A few of the use cases and the relevant packages related to it in R programming language are mentioned below:
– Machine Learning: randomForest, caret, kernlab, gbm, CORElearn, mice, net
– Econometrics: glm2, mlogit
– Visualize data: ggplot2, officeR, knitr, list viewer
– Generate reports based off analyses: rmarkdown, shiny
– Analyze data: diffobj, DataExplorer, Hmisc
– Import data: datapasta, readxl, readr, vroom
– Export data: plumber, feather, fst, cloudyR project
– Text mining: tidytext
Mentioned above are just a handful of packages, to give you a crude idea of the enormity of the list of packages and the diversity of domains the R programming language caters.
- Use in Academia
R focuses on visualizing quantitative data using a variety of techniques, and packages, this makes it one of the most used programming languages for research by scholars and researchers. People studying Statistics, in particular, are considerably involved with the advancements in the programming language as their increasing needs helped shape R to cater to their growing needs.
This improvement works both ways, for R, it improves significantly, and for its users, they get better at statistics. R is also an incredibly handy tool for analyzing data, and the numerous packages available for R make the task at hand a lot more manageable than ever.

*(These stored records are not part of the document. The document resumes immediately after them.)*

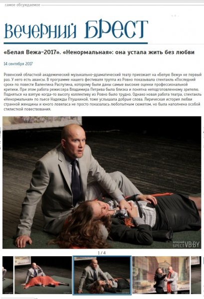 13 вересня на ХХІІ Міжнародному театральному фестивалі "Біла вежа" у м. Брест наш театр презентував історію кохання "Ненормальна" за твором Н. Птушкіної. Незмінному акторському дуету Вікторії Клєщенко-Пилипчук та В'ячеслава Давидюка довелось непросто.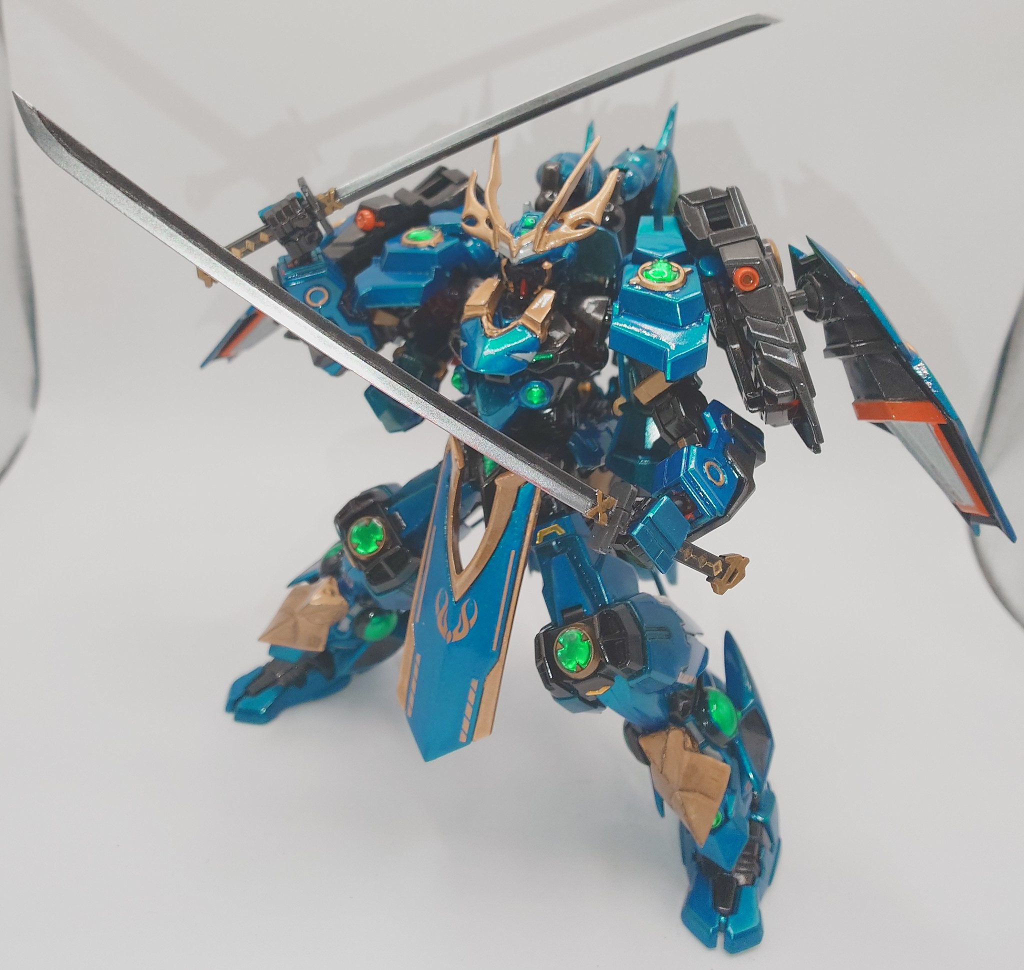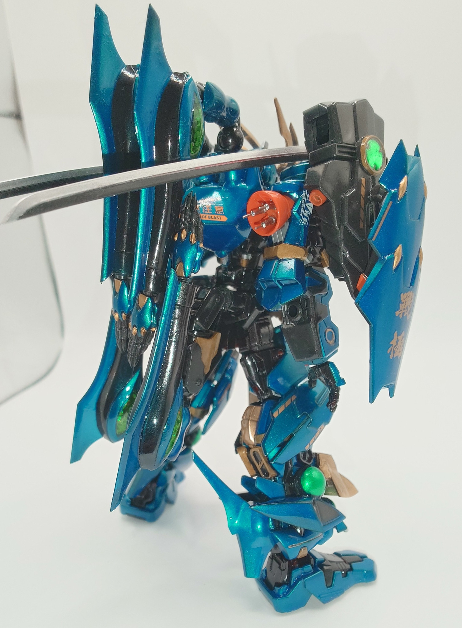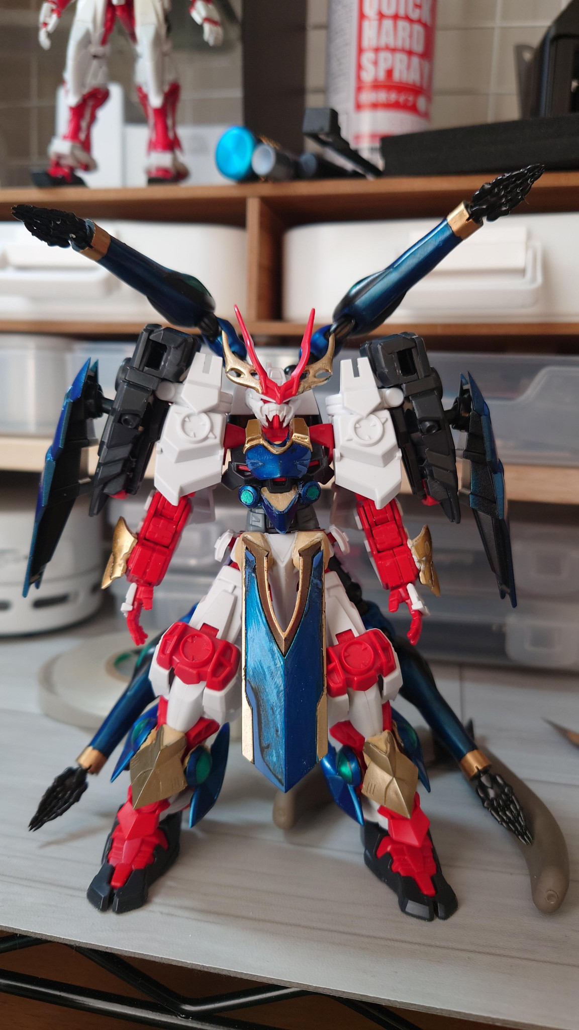 戦国アストレイを見てから、ナイツマのイカルガとミキシングしてみたいと思ったのがきっかけでした。本当は『鬼』のデカールを貼りたかったのですが見つからず、少し残念でした。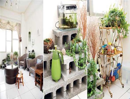 2.客廳養(yǎng)了兩缸小魚,把空心磚疊起來放在墻邊當架子,中間的空格還可以收納物品。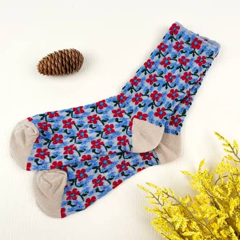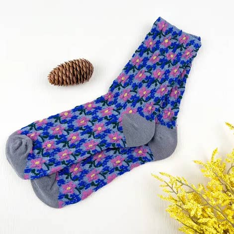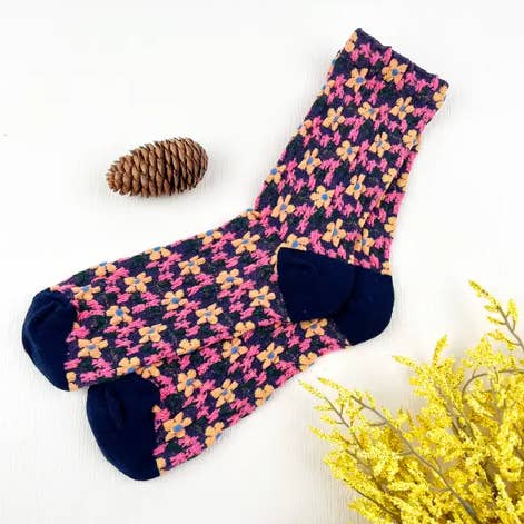 Navy Blue Embossed Floret Plant Long Socks

- Excellent Community Support with High Availability
Every programming language comes with its community, but what separates the decent ones from one of the best is how healthy and encouraging the developer community is. Luckily, R comes with a remarkably helpful community where help is just a few clicks away, and new problems are often tackled collectively. This spells good news for newbies who have just stepped into the world of R and are eager to learn but are unaware of how the community is. In case you’re curious, having a healthy community does play a vital role in the adoption of any programming language.
Meanwhile, being open-source adds to the high availability and adoption of the R programming language in a multitude of projects. All improvements and developments in R happen at a rapid pace, thanks to its open-source nature and the contributions from the community. The availability of a vast collection of helpful resources makes for a compelling entry point into the world of R.
Online Courses for R –
- Introduction to R by DataCamp
- Intermediate R by DataCamp
- Codecademy
- Dataquest: Introduction to R Programming
Some Useful Books for R –
- R for Data Science
- R in a Nutshell
- Data Manipulation with R
- Introductory Statistics with R
- An R Companion to Applied Regression by John Fox
- Data Analysis and Graphics Using R: An Example-based Approach
- Data Analysis Using Regression and Multilevel / Hierarchical Models
- Modern Applied Statistics with S (Statistics and Computing)
Conclusion
The points mentioned above are just a few of the many compelling reasons to use R for Data Science as R functions exceptionally well for data visualization and data analysis. Furthermore, R and Data Science makes for a perfect combination when it comes to visualizing a vast amount of data in a short period of time. After all, Data Scientists are one of the most sought out job profiles in the industry right now, and what good would be a Data Scientist without the right set of tools?